Now a new document arrives, with this breakdown:

enter image description here

The example calculates the probability of this new text document relating to terrorism by doing this:

P(Terrorism | W) = P(Terrorism) x P(kill | Terrorism) x P(bomb | Terrorism) x P(kidnap | Terrorism) x P(music | Terrorism) x P(movie | Terrorism) x P(TV | Terrorism)

which works out as:

0.5 x 0.2380 x 0.1904 x 0.3333 x 0.0476 x 0.0952 x 0.0952

Again, up to now I think I'm following. The P(Terrorism | W) is P (A|B), P(Terrorism) = P(A) = 0.5 and P(B|A) = all the results for "terrorism" in the above table multiplied together.

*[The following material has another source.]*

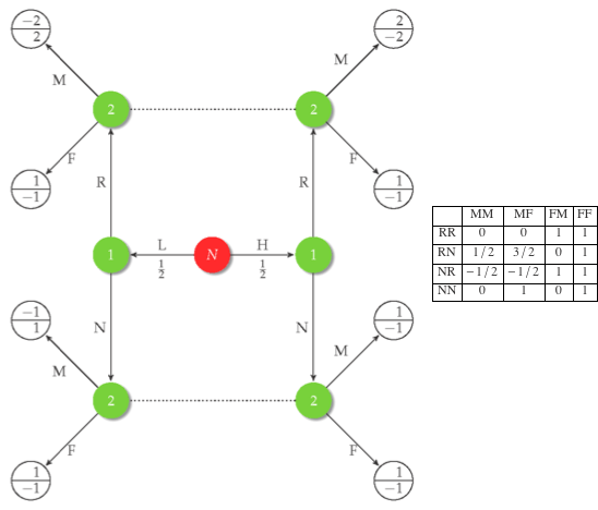 See Figure 1 for the corresponding game tree. We introduce a fictitious player, Nature, who randomly decides if the card is high or low. We depict the bimatrix representation of the game. Player 1 has four strategies: always raise (RR), always not raise (NN), raise if the card is high and not otherwise (RN), and not raise if the card is high and raise otherwise (NR). Player 2 also has four strategies: always match (MM), always fold (FF), match only if Player 1 raised (MF), and fold only if Player 1 raised (FM). For simplicity, in the bimatrix representation, we write the expected payoffs of Player 1 and omit Player 2’s payoffs (this is without loss of generality in zero-sum games).

But to apply it to this new document, the example calculates each of the P(B|A) above to the power of the new frequency. So the above calculation becomes:

0.5 x 0.2380^2 x 0.1904^1 x 0.3333^2 x 0.0476^0 x 0.0952^0 x 0.0952^1

From there they do a few sums which I get and find the answer. My question is:

Where in the formula does it say to apply the new frequency as a power to the current P(B|A)?

Is this just something statistical I don't know about? Is this universal or just a particular example of how to do it? I'm asking because all the examples I find are slightly different, using slightly different keywords and terms and I'm finding it just a tad confusing!

Was it helpful?

Solution

First of all, the formula

P(Terrorism | W) = P(Terrorism) x P(kill | Terrorism) x P(bomb | Terrorism) x P(kidnap | Terrorism) x P(music | Terrorism) x P(movie | Terrorism) x P(TV | Terrorism)

isn't quite right. You need to divide that by P(W). But you hint that this is taken care of later when it says that "they do a few sums", so we can move on to your main question.


Traditionally when doing Naive Bayes on text classification, you only look at the existence of words, not their counts. Of course you need the counts to estimate P(word | class) at train time, but at test time P("music" | Terrorism) typically means the probability that the word "music" is present at least once in a Terrorism document.

It looks like what the implementation you are dealing with is doing is it's trying to take into account P("occurrences of kill" = 2 | Terrorism) which is different from P("at least 1 occurrence of kill" | Terrorism). So why do they end up raising probabilities to powers? It looks like their reasoning is that P("kill" | Terrorism) (which they estimated at train time) represents the probability of an arbitrary word in a Terrorism document to be "kill". So by simplifying assumption, the probability of a second arbitrary word in a Terrorism document to be "kill" is also P("kill" | Terrorism).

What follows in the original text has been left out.